Memoir in Fiction January 21, 2013
Posted by Carolyn Burns Bass in literary fiction, novelography.trackback
MediaMonday for January 21, 2013: The Narrator in Fiction, a discussion focused on this essay by Steve Almond in January 11, 2013 New York Times magazine.
Write what you know. This—along with show, don’t tell—is taught in writing classrooms across the globe. Many nascent writers use the write what you know principle to the point that their fiction is little but thinly veiled memoir. This brand of therapeutic writing often meanders without plot, features cardboard or predictable characters, and is overly sentimental. Fictionalizing real life with meaningful and authentic prose is not for beginners. Friday’s guest host is Michael Kimball, whose new novel, Big Ray, is as much memoir as it is fiction.

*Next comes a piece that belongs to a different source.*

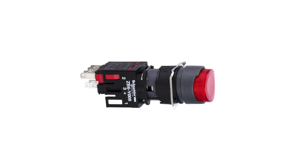 Pulsante luminoso a LED integrato, configurazione contatto SPST, montaggio a pannello, diametro foratura 16mm, colore rosso, protezione IP65, massima tensione c.a. 240V, tensione massima c.c. 250V, tipo terminale attacco rapido, temperatura operativa da -25°C a +70°C. Serie Harmony XB6, codice produttore XB6AE4B2B.

Michael Kimball makes no excuses for the autobiographical details found in his novels. His new novel, Big Ray, is based on the relationship between him and his father. His father wasn’t just grossly obese. He was mean. Cruel. Abusive. Predatory. Kimball admits to the shame he felt as a child growing up with an excessively fat father, how he was teased and ridiculed because of his father. All of this comes out in Big Ray, which Kimball admits began as a memoir.

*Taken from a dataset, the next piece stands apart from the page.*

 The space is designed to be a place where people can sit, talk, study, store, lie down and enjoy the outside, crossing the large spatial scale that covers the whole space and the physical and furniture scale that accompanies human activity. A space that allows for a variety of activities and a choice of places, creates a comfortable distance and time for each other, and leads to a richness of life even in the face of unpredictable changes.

It’s not just the excess pounds that weigh down the father in Big Ray. He’s a small, small man trapped in a huge body. Once a lean, mean Marine, Ray made only one automatic promotion from private to private first class after two years of service. By the time he is discovered dead in a chair in his apartment, Ray weighs more than 500 pounds. With short, addictive sections abounding with grit, humor, pathos and insight, Kimball plots the path to Ray’s destructive life. We never feel sorry for Ray, his meanness is too fervid. What we feel instead is relief that a person, any person, could escape the singularity of such a presence to achieve normality by ordinary standards. Though fictionalized for storytelling’s sake, we are impressed that such a person could write about an abusive parent with such honesty, journalistic acumen, and psychological understanding. Does Kimball—or his character Daniel—forgive his father for the abuse and excess of his life? Would you?

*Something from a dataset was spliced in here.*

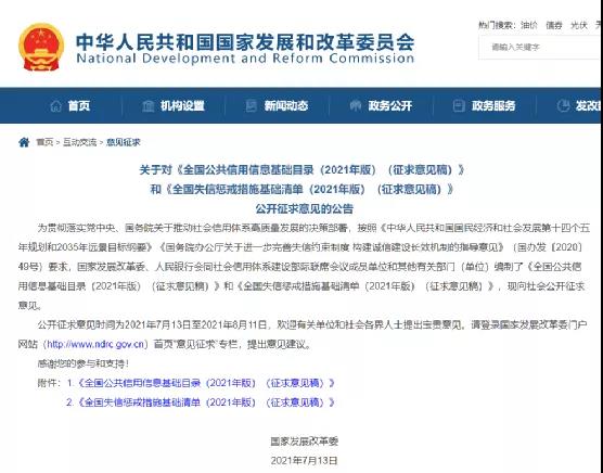 日前,國家發(fā)改委發(fā)布了《全國失信懲戒措施基礎(chǔ)清單(2021年版)(征求意見稿)》公開征求意見的公告》其中清單所列失信懲戒措施包括三類,共14項:

Michael Kimball is the author of five books, including Big Ray (which The Wall Street Journal calls “mesmerizing”), Dear Everybody (which The Believer calls “a curatorial masterpiece”), and Us (which Time Out Chicago calls “a simply gorgeous and astonishing book”). His work has been on NPR’s All Things Considered and in Vice, as well as The Guardian, Bomb, Prairie Schooner, Post Road, New York Tyrant, etc. His work has been translated into a dozen languages—including Italian, Spanish, German, Chinese, Korean, and Greek. He is also responsible forMichael Kimball Writes Your Life Story (on a postcard), a couple ofdocumentaries, the 510 Readings, and the conceptual pseudonym Andy Devine. Big Ray is published by Bloomsbury USA, Bloomsbury Circus (UK), and will be released in January 2013 in Australia.